Тем не менее, Швеция приняла политику, разительно отличающуюся от политики других европейских стран, желая избежать нарушения привычного хода жизни — и, возможно, из надежды на то, что, заплатив разовую цену в виде болезни, страна сможет добиться «популяционного иммунитета» и тем самым положить конец пандемии.
Шведские власти активно отговаривали людей от использования масок, которые, по их словам, могли провоцировать панику и создавать ложное чувство защищенности, плюс люди зачастую неправильно их носили. Некоторым врачам, настаивавшим на ношении маски на рабочем месте, объявляли выговор, некоторых даже увольняли.
До прошлого месяца Швеция устами своих официальных представителей заявляла, что люди без явных симптомов вряд ли будут распространять вирус. Поэтому вместо того, чтобы помещать таких людей в изоляцию или просить остаться дома, члены семьи, коллеги и одноклассники, контактировавшие с подтверждёнными заболевшими, должны были посещать школу и приходить на работу, если у них самих не было симптомов. Тестирование в Швеции по-прежнему отстаёт от многих других стран, к тому же во многих регионах страны подразумевалось, что инфицированные люди будут самостоятельно уведомлять свои контакты о заболевании, в отличие, скажем, от Германии и Норвегии, где небольшие армии волонтёров помогают отслеживать контактных.
У шведского подхода есть свои поклонники. В Берлине протестующие против ограничений, связанных с коронавирусом, в конце августа размахивали шведскими флагами. В Соединённых Штатах известный член рабочей группы президента Дональда Трампа по коронавирусу нейрорадиолог Скотт Атлас (Scott Atlas) назвал Швецию образцом для подражания. Эта политика также имеет широкую общественную поддержку в самой Швеции, где ценится консенсус и критика действий правительства редка.
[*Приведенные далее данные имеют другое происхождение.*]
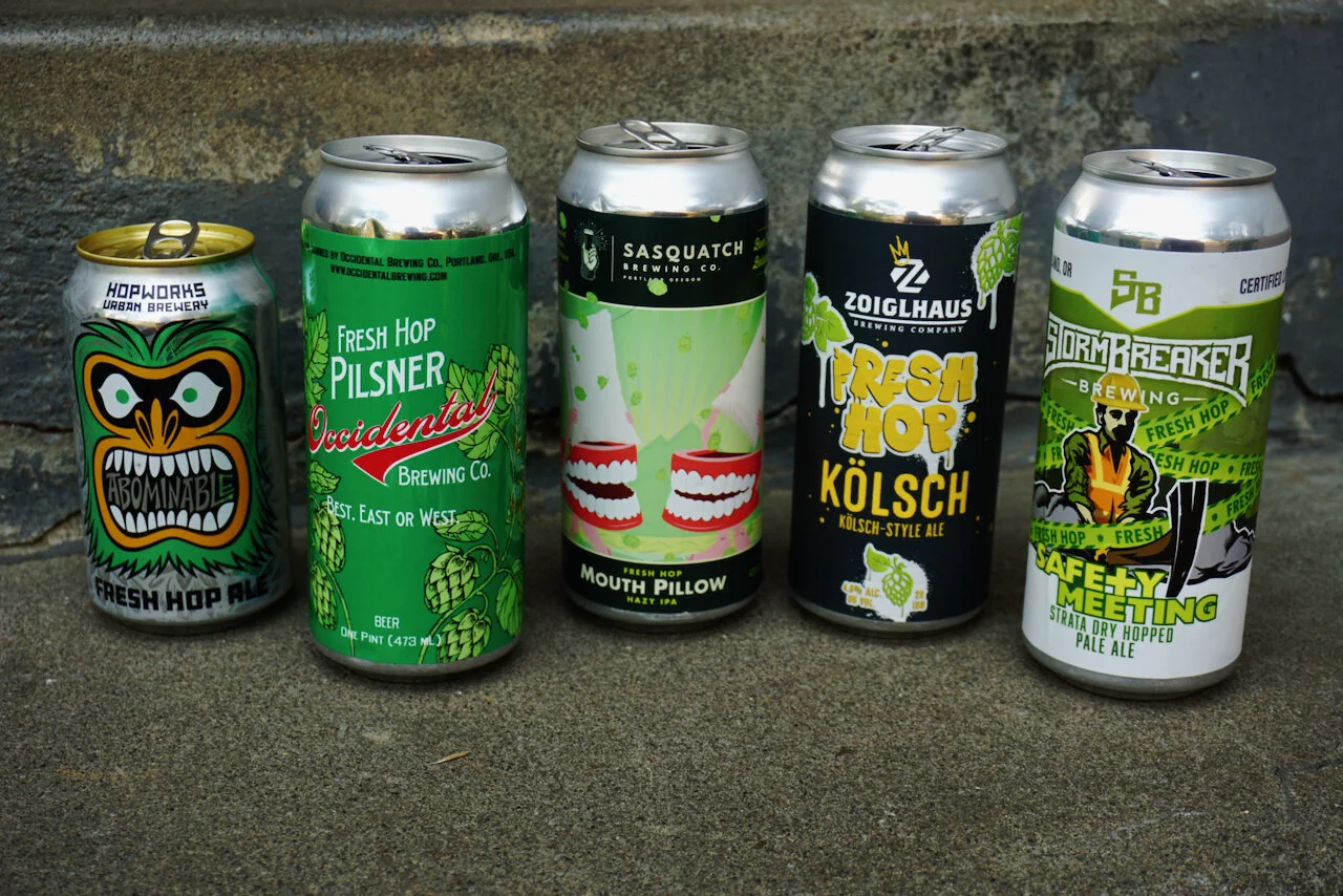 The release of Fresh Hop beers every fall is the most exciting time of the year for many of us. The rise of small batch mobile canning operations has made it much easier to find fresh hop beers if you live in the Pacific Northwest. But…with well over 100 different fresh hop beers coming from Oregon breweries alone, it's hard to know which to try, especially as these beers can come at a premium markup often costing $5-$6 per can in Oregon. Partially for fun, and partially for research, the New School is gathering a group of beer journalists together to taste through the seasons crop and share the best. For this entry we tasted through 15 different beers, and found that personal preference on what you look for, and expect from a fresh hop beer can vary wildly.

Но в научном и медицинском сообществе Швеции споры о стратегии кипели и часто, — на страницах СМИ, в стенах университетов и среди персонала больниц. Группа учёных, известная как «22», призвала к более жёстким мерам с апреля, опубликовав резкую критику Шведского агентства общественного здравоохранения (FoHM). Группа, которая выросла до 50 участников и 150 сочувствующих, теперь называет себя «Vetenskapsforum COVID-19» («Научный форум по COVID-19»).
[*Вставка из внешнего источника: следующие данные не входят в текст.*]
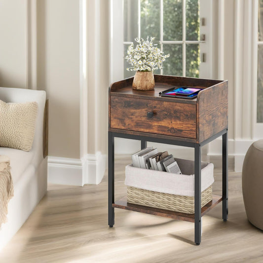 Bedside Nightstand Table With Drawer Rustic Brown

В заявлении говорится, что цена принципа невмешательства Швеции слишком высока. Совокупный уровень смертности в стране с начала пандемии сопоставим с аналогичным показателем в Соединённых Штатах с их не совсем адекватной реакцией на происходящее. При этом вирус нанёс шокирующий урон наиболее уязвимым категориям населения. Он получил полную свободу действий в домах престарелых, где за несколько недель умерло около тысячи человек. Дома престарелых в Стокгольме потеряли из-за вируса 7% своих 14 тысяч жителей. Подавляющее большинство не были доставлены в стационары. Хотя за лето число случаев пошло на убыль, учёные опасаются, что осенью поднимется новая волна. Заболеваемость особенно быстро растет в районе Стокгольма, где проживает почти четверть населения Швеции.
Критика была воспринята без энтузиазма, мало того, некоторые участники форума сообщили, что их осуждали или ругали. «Это был настоящий сюр», — поделилась впечатлениями Неле Брюсселерс (Nele Brusselaers), член «Vetenskapsforum» и клинический эпидемиолог престижного Каролинского института (Karolinska Institute, КИ). По её словам, странно сталкиваться с негативной реакцией, «хотя мы говорим именно то, что говорят исследователи во всём мире. Как будто это другая Вселенная».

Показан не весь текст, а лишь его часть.